All documents (i.e. forms, certificates, and other bureaucratic items) that are exclusively meant for human consumption may be saved as .pdf files. All other documentation should be saved as plain-text (.txt) or at most as markdown (.md) files.

Plain text is both humanly readable and machine readable. If additional formatting is required (e.g. titles, bold/italics, links, etc...), markdown is a broadly applicable way to add text formatting while still essentially writing plain text files.

Slides and presentations should be saved as .pdf. If videos or animations must be included in the presentation, prefer the [Open Document Format (.odf)] instead of PowerPoint-like formats (e.g. .ppt or .pptx).

warning

Be careful that ODF files, and in some cases PDF files, may distort or wrongly encode some features of the presentation if converting directly from PPT to ODF.

Always check the presentations before depositing.

Formats to avoid

  • Do not use PowerPoint formats (.ppt, .pptx), as they are proprietary.

Multimedia

Audio files should preferably be saved as raw Waveform Audio File Format (WAW, .wav). WAV files are uncompressed and simple to read, and may be processed by most audio-processing software.

As a (better) alternative, the Broadcast Wave Format (BWA, confusigly also .wav) can be used, although consumer software to convert to and from it is relatively rare. Yet another alternative is the Free Lossless Audio Coded (FLAC, .flac).

Video files should be saved as either MP4 (.mp4) or WebM (.webm), the latter being one of the few file formats that is distributed with a permissive license (BSD) by Google and is therefore not proprietary.

Be careful of the compression of the output video files, which in some cases may be lossy.

Formats to avoid

  • Do not use .gif files, as they have very inefficient compression that generally does not reduce file size much but causes very bad quality losses.

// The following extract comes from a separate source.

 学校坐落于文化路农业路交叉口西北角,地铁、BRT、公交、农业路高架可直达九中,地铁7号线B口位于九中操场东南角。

Additionally, they do not support transparency.

Further considerations

Compressing

Files should be compressed if larger than a few megabytes. Image files in particular should always be compressed before archiving.

The recommended compression schema is gzip (with the .gz file extension). Each file should be compressed on its own, but groups of tightly-related files may be compressed together as a tarball (with the .tar file extension) first, and then compressed with gzip (resulting in a .tar.gz file). If you do, consider creating uncompressed metadata describing the contents of the tarball.

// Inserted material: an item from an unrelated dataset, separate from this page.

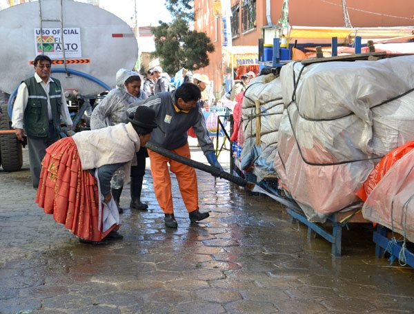 Según las declaraciones de Cachi, las actividades de limpieza son apoyadas por 10 funcionarios quienes se encargan de los trabajos en centros de salud, unidades educativas, mercados y otras dependencias que son parte del Municipio alteño.

Other possible compressions are 7Zip (.7z) or ZIP (.zip).

Plain text encoding

All plain-text files (e.g. .txt, .csv and source code) should be UTF-8 encoded. In the modern day, this is the default for most computers.

Another compatible file format that may be used for simple files is ASCII, but UTF-8 is still preferable.

For developers

It might be useful to check file formats programmatically. A way to do this is with the JHOVE tool, that extracts a number of metadata information from many different file types. It can also check if the file is well-formatted and valid.

Another possibility is FIDO, available as a Python library and command-line tool.

Specific cases

Some files have specific formats, and require special care. If you have such files, consider the archival aspects above and choose a format other than those shown here. If you can, contact a data expert for advice.